SHAaaaaaa!: We mention the Google sunsetting of SHA-1 the other week. If you were unsure why this was important, can we send you off to Why Google is Hurrying the Web to Kill SHA-1 which explains why it all and includes a brief history of collision attacks in the wild.
Tails 1.0: The developers of Tails, the Linux distro built for anonymity and privacy, have declared the latest version Tails 1.0. Tails wires all its networking through Tor and leaves no traces on machines where its been livebooted. Its ideal in situations where you want your digital footprint minimised. Version 1.0 sees browser updates, Tor patches including a Heartbleed vulnerable blacklist, bug fixes and a new logo for the project.
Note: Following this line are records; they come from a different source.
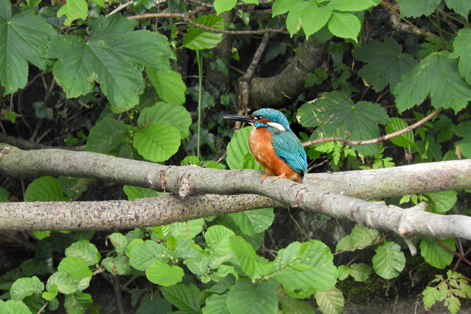 Hier kwam het vrouwtje met een visje in de snavel aangevlogen. Vrouwtje is te herkennen aan de oranje vlek aan de onderkant van de snavel. Het handige aan het spotten naar ijsvogels is dat je niet continu hoeft op te letten. Ze kondigen in de regel hun komst aan met een hoge pieptoon.
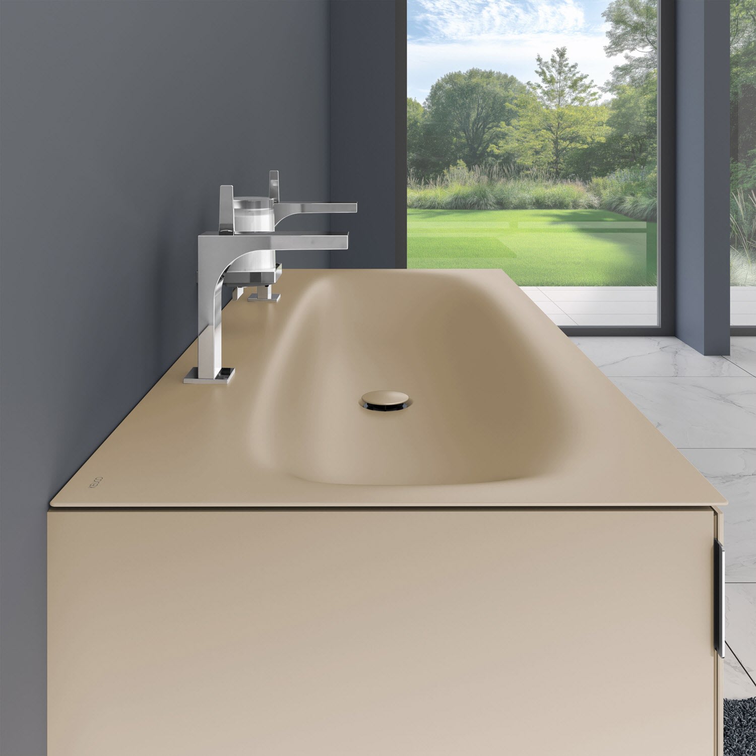 Der Waschtisch besteht aus glasiertem Titanstahl, wodurch er äußerst robust ist. Die porenfreie Emaille-Oberfläche bietet Schmutz und Bakterien kaum Angriffsfläche und lässt sich sehr leicht reinigen. Seine filigranen Kanten von extrem schlanken 4 mm verschmelzen nahezu mit dem Waschtischunterbau und erzeugen einen einzigartigen Look, bei der Möbel und Waschtisch wie aus einem Guss wirken. Das mitgelieferte Schaftventil ist farblich zum Waschtisch abgestimmt.
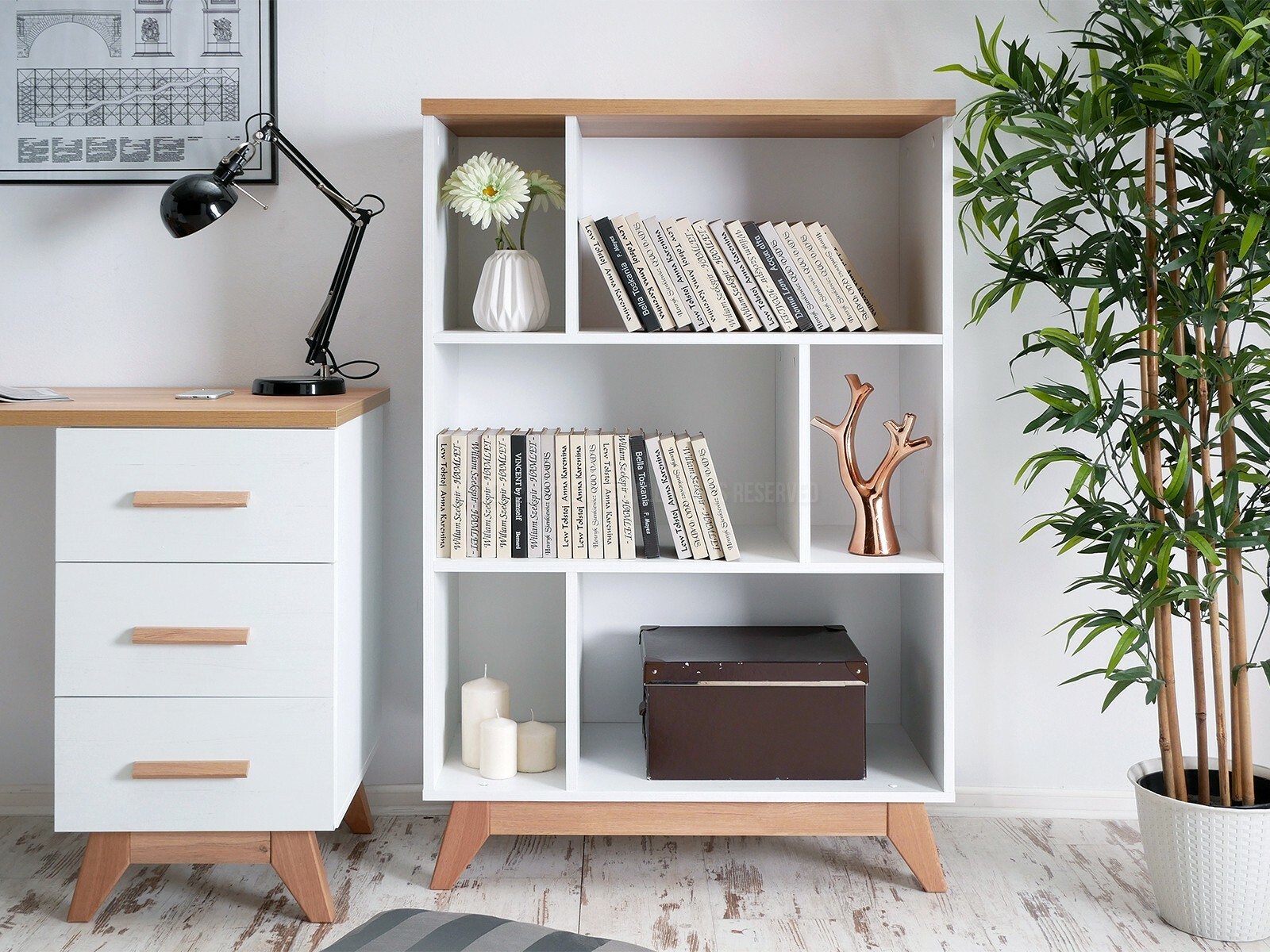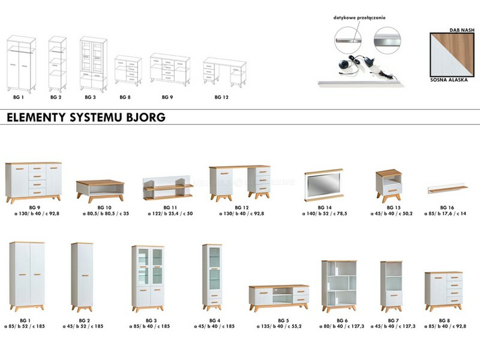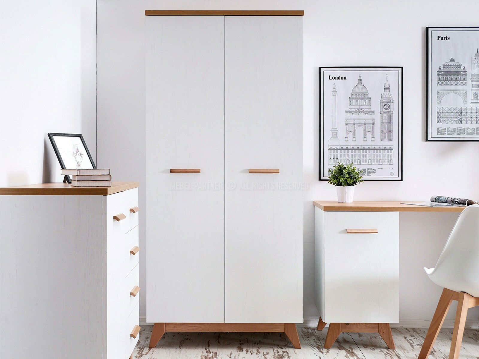 Nábytek do studentského pokoje Bajas 05 (bílý + dub)
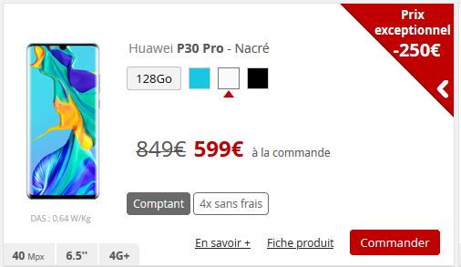 - Le Huawei P30 Pro bénéficie d’une nouvelle réduction de 250€, son prix passe ainsi à 599€ contre 849€ auparavant. Il est disponible en paiement en 4 fois sans frais, pour 152€ à la commande puis 3 fois 149€ sans frais.
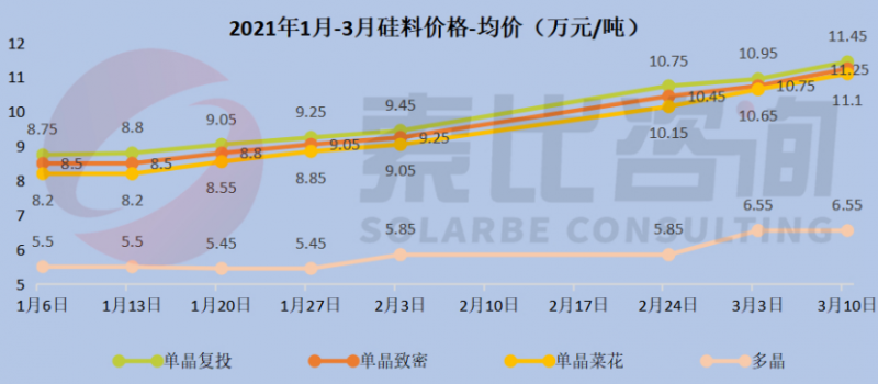 單晶復投均價11.45萬元/噸,環(huán)比上漲4.57%,近三周平均漲幅6.73%,最高成交價11.90萬元/噸,預計下周最高價將突破12萬元/噸;

The announcement also lays out plans for 1.1 (A switch to Debian 7), 2.0 (better building for a longer life) and 3.0 (sandboxing and isolation) and invites developers to contribute… it is a project which has got some great reviews.
Debian 7.5: Talking about Debian, the latest bugfix and patch rollup release, Debian 7.5 has just arrived. If you keep your Debian system up to date, you’re already good, but if you install a lot of systems from spinning or stickish media then you may want to take this opportunity to update your images. Full details of the fixes, bug and security, are in the announcement.
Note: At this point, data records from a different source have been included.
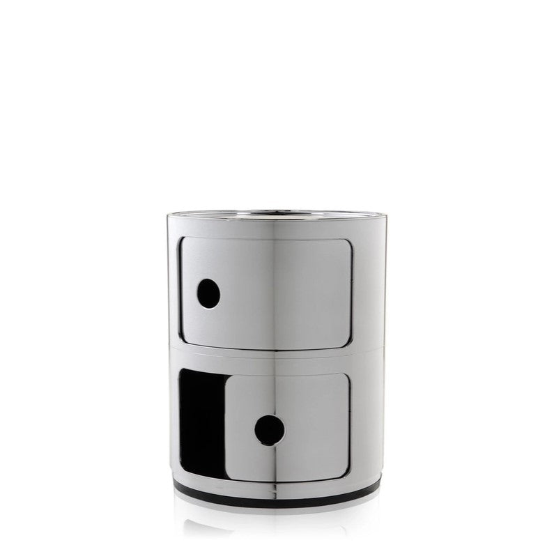 De modulaire elementen zijn ontworpen om aan verschillende behoeften te voldoen en perfect in elke kamer in huis te passen. Componibili verscheen voor het eerst in 1967 en is sindsdien uitgegroeid tot een tijdloze meubelklassieker. De Componibili van vandaag hebben een diameter van 32 cm en zijn verkrijgbaar in drie sprankelende metallic afwerkingen. Dit model is beschikbaar in twee vaste composities van twee of drie niet-stapelbare elementen.
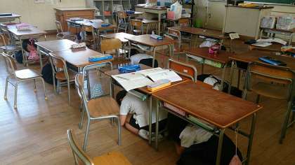 廊下にいるときに地震が起これば、近くの教室の机の下に避難する。
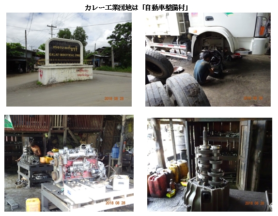 さらに約1時間後、チンドウィン川の支流のMyitthar川に架かるかなり大きい橋を北方向へ渡り、渡ったところで、シュウェボー方面から北西へ伸びる幹線道路(番号不明)に合流します。この分岐点を東へ行けばカレーワの街ですが、車は左折してここから24マイル(38.6㎞)のカレーミョへ向かいます。左手にMyitthar川を見ながら西へ走ります。支流とはいえかなり広く、石炭積み出しなどで中型級の船がたくさん活動していました。 この幹線道路は大型トラックの交通量が多く、その影響でしょうか、舗装が陥没した箇所が多かったです。またMyitthar川に多数の小川が注ぐところで片側通行の狭い簡易橋をいくつも渡ります。これらの橋の1つでも車両が座礁すれば、交通は全面的にストップすると思いました。 結局、モンユワからノンストップで約7時間でカレーミョに着きました。運転手は飛ばせるところは限りなく飛ばしましたが、平均時速は34km/hと、今回ミャンマー国土の南北を約半分を走破したなかでは最低のスピードでした。カレー工業団地ではミャンマー製造業の真髄を経験したとのことですが…はい、驚きました。現役の博物館に出会った感じでした。工業団地といっても実態は「車両整備村」のようでした。ざっと見て回った印象では、乗用車、トラック、農業機械など、車両整備の特殊な部分にそれぞれ特化した工房が上手にすみ分けられています。ほぼすべて日本の中古車をベースに、高額な日本の部品は取り換え可能な部分を中国製に組み替えて寿命を永らえさせたりしています。工員たちはすべて師匠からの現場学習によって技術を身につけている。ミャンマーの地方都市にはこうした光景は珍しくないと思いますが、この団地はたたき上げの工房の集積が著しいと感じました。 2017年12月のジェトロ報告によれば、同工業団地は2004年に開発され、面積は170エーカー(約69ha)と大きくありません。進出企業は130社ですべて地場、土地は50年リースで3.7~11ドル/m2ということです。問題は、ティラワのようなワンストップサービスの機能がないため、進出するには企業自らが政府関係機関と直接交渉する必要があるということです。
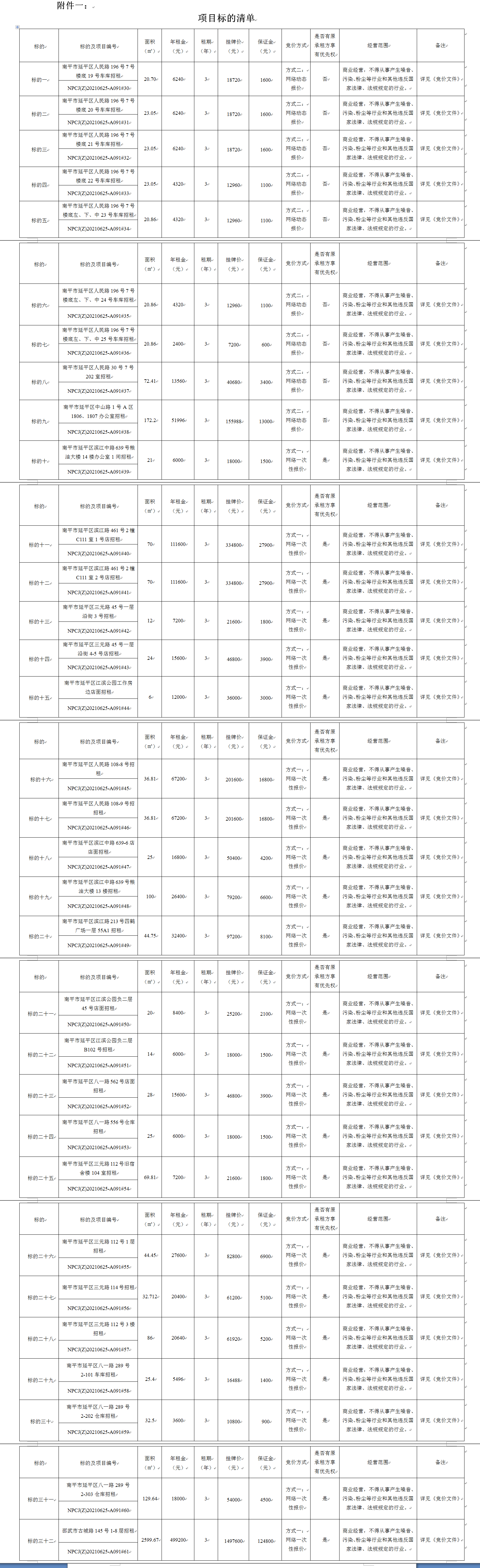 1.租賃用途:詳見(jiàn)附件一。 2.于競(jìng)買(mǎi)人計(jì)算面積單價(jià),網(wǎng)絡(luò)競(jìng)價(jià)以年租金底價(jià)進(jìn)行報(bào)價(jià),最終成交總額以年租金的最高報(bào)價(jià)×租賃期限。 3.本次競(jìng)價(jià)標(biāo)的十至標(biāo)的三十二屬在同等條件下原承租方享有優(yōu)先承租權(quán)。 4.裝修情況:以實(shí)際現(xiàn)場(chǎng)看樣為準(zhǔn)。 5.原租賃合同到期日: 5.1租賃標(biāo)的標(biāo)的十至標(biāo)的十五、標(biāo)的二十五至標(biāo)的二十七及標(biāo)的二十九至三十原租賃合同于2021年5月31日到期; 5.2租賃標(biāo)的十六至標(biāo)的二十四及標(biāo)的三十二原租賃合同于2021年6月30日到期; 5.3租賃標(biāo)的三十一原租賃合同于2021年6月19日到期; 5.4租賃標(biāo)的二十八原租賃合同于2021年4月30日到期。 6.起租時(shí)間:若原承租人未報(bào)名參加競(jìng)租或報(bào)名參加競(jìng)租未取得標(biāo)的,原承租人應(yīng)于原租賃合同到期次日起7天內(nèi)將承租房產(chǎn)退還出租方,若原承租人報(bào)名參加競(jìng)租取得標(biāo)的的,起租時(shí)間自成交公示期滿(mǎn)次日起計(jì)算(若原合同期限未到期的新合同自然延順);新承租人起租時(shí)間自出租方通知接收房產(chǎn)之日起計(jì)算。 7.具體事項(xiàng)以與出租方簽訂《房屋租賃合同》為準(zhǔn)。提示:以上標(biāo)的概況由出租方提供披露,具體項(xiàng)目標(biāo)的狀況以現(xiàn)場(chǎng)看樣和相關(guān)文件的數(shù)據(jù)為準(zhǔn)。 |

Apache OpenOffice 4.1: The Apache OpenOffice project has announced AOo 4.1, the latest iteration in the direct descendent of the original OpenOffice. The release notes highlight the Windows version’s IAccessible2 support for better screen reader integration and the addition of comments and annotations for text ranges. In place field editing, interactive cropping, unified import/drag/drop for images, better vectors and new (Bulgarian, Danish, Hebrew, Hindi, Thai and Norwegian Bokmal) translations and other updated translations and dictionaries. Also, behind the scenes, AOo now uses NSS libraries rather than the older Mozilla networking code so that it is a bit more secure and a lot easier to build.
LXC goes 1.0: Linux Containers, LXC, is now at version 1.0, a major milestone which also brings together and completes a lot of things that have been working their way through the Linux kernel, like support for unprivileged containers, long term stuff like a stable API – this’ll be supported for five years, bindings for Lua and Python3 (and Go and Ruby out-of-tree support), backing storage support for directories, btrfs, zfs and more, cloning, snapshotting… and you may wonder “Hey, doesn’t Docker do many of these things” and yes it does, so it’ll be interesting to watch how things all work out. More details at the news post and check out Stephane Graber’s 10 part blog series on LXC 1.0 which is packed full of useful stuff.
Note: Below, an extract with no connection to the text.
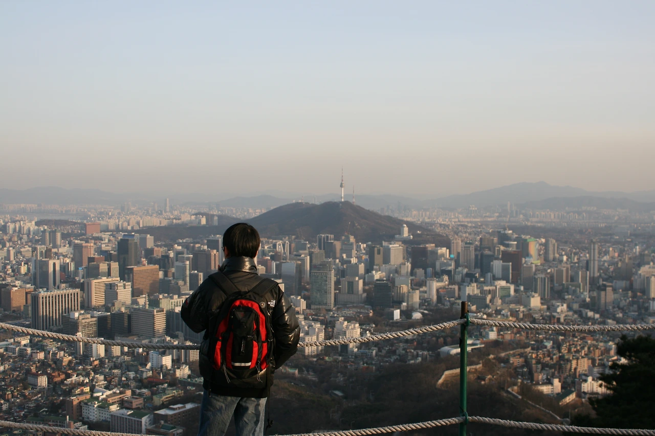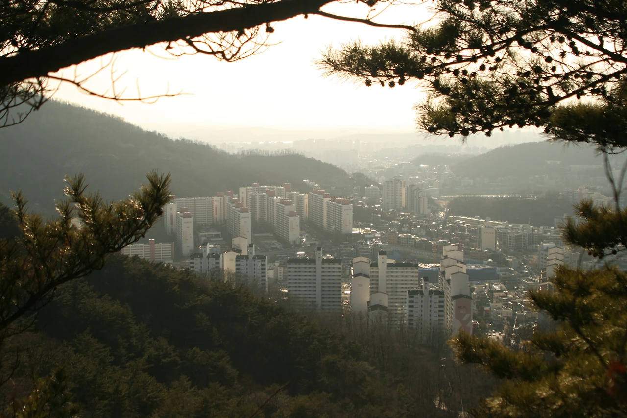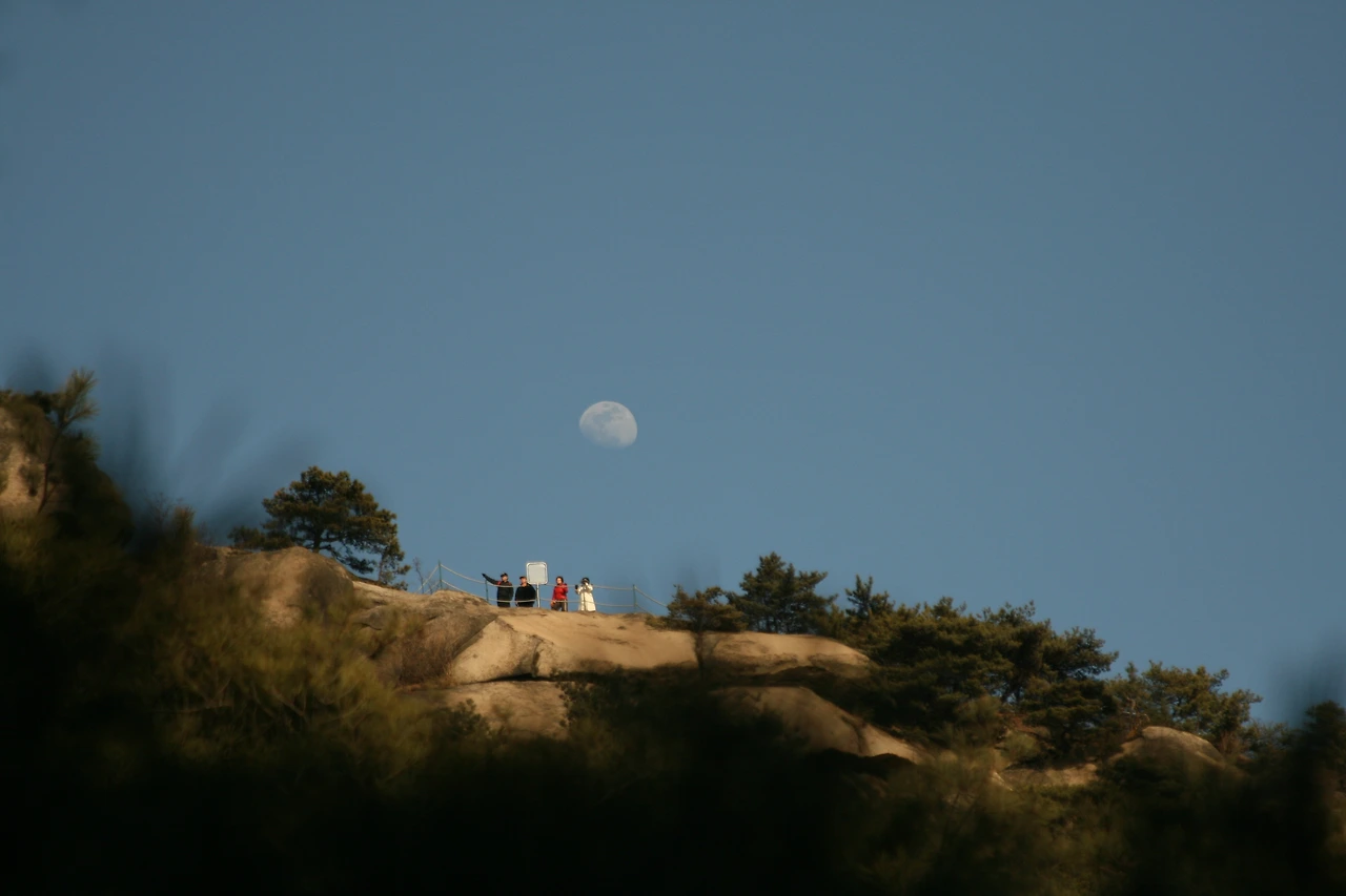 아들과 함께 낮달이 머무는 기차바위를 지나며

Thrift double opened: Facebook brought Thrift(PDF) to the world in 2007 via Apache Thrift and many people found the network/data serialisation framework well handy. Thing is though that Facebook went and forked their own internal version of Thrift as they filled out the features and ramped up performance, something that took major rengineering over time. Now the company has announced fbthrift, available on Facebook’s Github repo, now open sourced under the same Apache 2.0 licence Apache Thrift is under.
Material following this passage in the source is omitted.